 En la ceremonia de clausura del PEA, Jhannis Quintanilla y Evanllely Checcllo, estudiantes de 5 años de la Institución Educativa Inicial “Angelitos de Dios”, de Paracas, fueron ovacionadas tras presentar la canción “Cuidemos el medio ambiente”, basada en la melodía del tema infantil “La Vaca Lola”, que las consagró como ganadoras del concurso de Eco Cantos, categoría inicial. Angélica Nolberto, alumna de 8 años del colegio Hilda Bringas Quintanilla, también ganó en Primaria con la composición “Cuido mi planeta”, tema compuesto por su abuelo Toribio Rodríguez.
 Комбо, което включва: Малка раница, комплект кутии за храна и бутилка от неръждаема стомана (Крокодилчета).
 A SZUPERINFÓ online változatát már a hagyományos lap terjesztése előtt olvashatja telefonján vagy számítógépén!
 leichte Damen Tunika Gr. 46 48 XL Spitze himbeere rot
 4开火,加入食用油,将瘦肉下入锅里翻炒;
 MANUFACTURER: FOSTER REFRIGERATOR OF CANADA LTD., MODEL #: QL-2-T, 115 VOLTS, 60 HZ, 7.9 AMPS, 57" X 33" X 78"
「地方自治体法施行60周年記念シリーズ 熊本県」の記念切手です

--

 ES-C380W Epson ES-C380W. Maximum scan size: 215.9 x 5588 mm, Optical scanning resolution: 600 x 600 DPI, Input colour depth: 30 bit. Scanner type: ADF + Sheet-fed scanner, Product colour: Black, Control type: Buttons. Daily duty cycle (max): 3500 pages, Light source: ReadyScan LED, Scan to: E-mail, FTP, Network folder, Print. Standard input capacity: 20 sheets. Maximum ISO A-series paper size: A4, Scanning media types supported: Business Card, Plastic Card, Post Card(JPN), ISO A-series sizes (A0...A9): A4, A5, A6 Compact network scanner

==

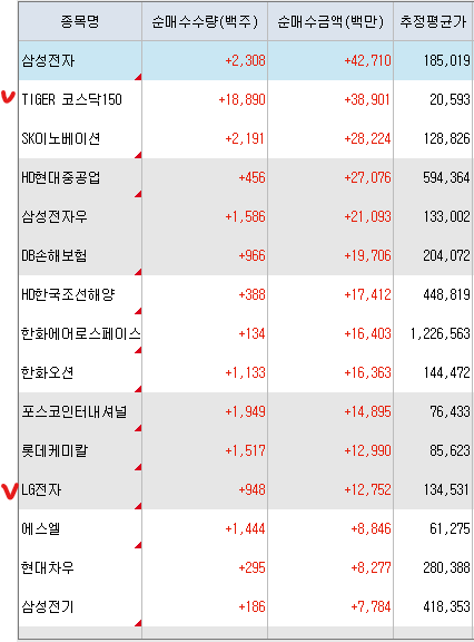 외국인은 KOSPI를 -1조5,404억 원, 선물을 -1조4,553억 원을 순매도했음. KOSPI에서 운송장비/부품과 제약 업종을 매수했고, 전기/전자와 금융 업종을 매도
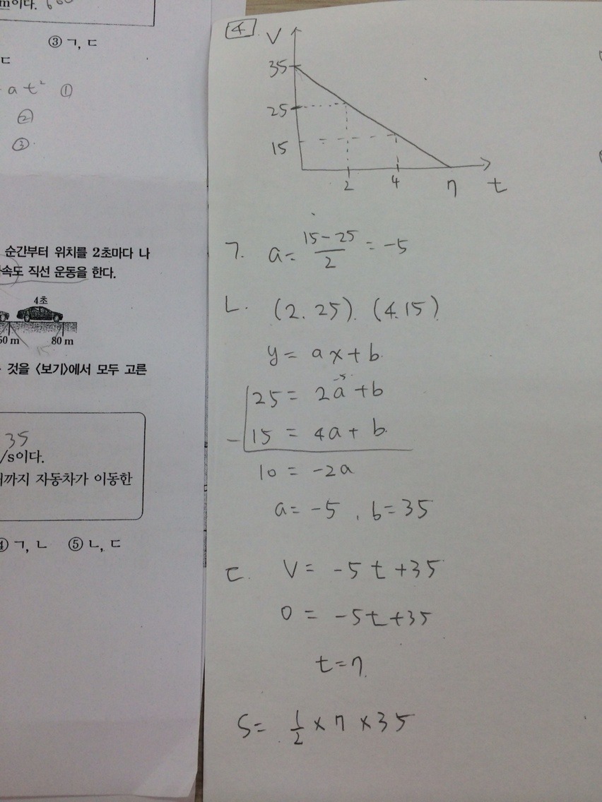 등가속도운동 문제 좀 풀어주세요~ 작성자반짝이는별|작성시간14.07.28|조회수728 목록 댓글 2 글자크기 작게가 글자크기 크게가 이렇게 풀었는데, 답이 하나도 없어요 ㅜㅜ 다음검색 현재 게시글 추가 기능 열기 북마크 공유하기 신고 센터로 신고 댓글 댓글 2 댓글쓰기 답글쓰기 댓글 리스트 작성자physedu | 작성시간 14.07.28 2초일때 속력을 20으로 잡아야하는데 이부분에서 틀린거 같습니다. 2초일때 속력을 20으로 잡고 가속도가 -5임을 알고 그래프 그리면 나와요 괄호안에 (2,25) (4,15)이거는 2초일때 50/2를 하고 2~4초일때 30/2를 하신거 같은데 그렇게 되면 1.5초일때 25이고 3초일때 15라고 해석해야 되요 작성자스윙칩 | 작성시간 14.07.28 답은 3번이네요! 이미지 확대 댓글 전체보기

- **Exercise details**: Restate word for word the lines of the data above, starting at the line containing "En la ceremonia" and ending at the line containing "Комбо, което включва: Малка", both included, and nothing more.

- **Reply to the exercise**:
 En la ceremonia de clausura del PEA, Jhannis Quintanilla y Evanllely Checcllo, estudiantes de 5 años de la Institución Educativa Inicial “Angelitos de Dios”, de Paracas, fueron ovacionadas tras presentar la canción “Cuidemos el medio ambiente”, basada en la melodía del tema infantil “La Vaca Lola”, que las consagró como ganadoras del concurso de Eco Cantos, categoría inicial. Angélica Nolberto, alumna de 8 años del colegio Hilda Bringas Quintanilla, también ganó en Primaria con la composición “Cuido mi planeta”, tema compuesto por su abuelo Toribio Rodríguez.
 Комбо, което включва: Малка раница, комплект кутии за храна и бутилка от неръждаема стомана (Крокодилчета).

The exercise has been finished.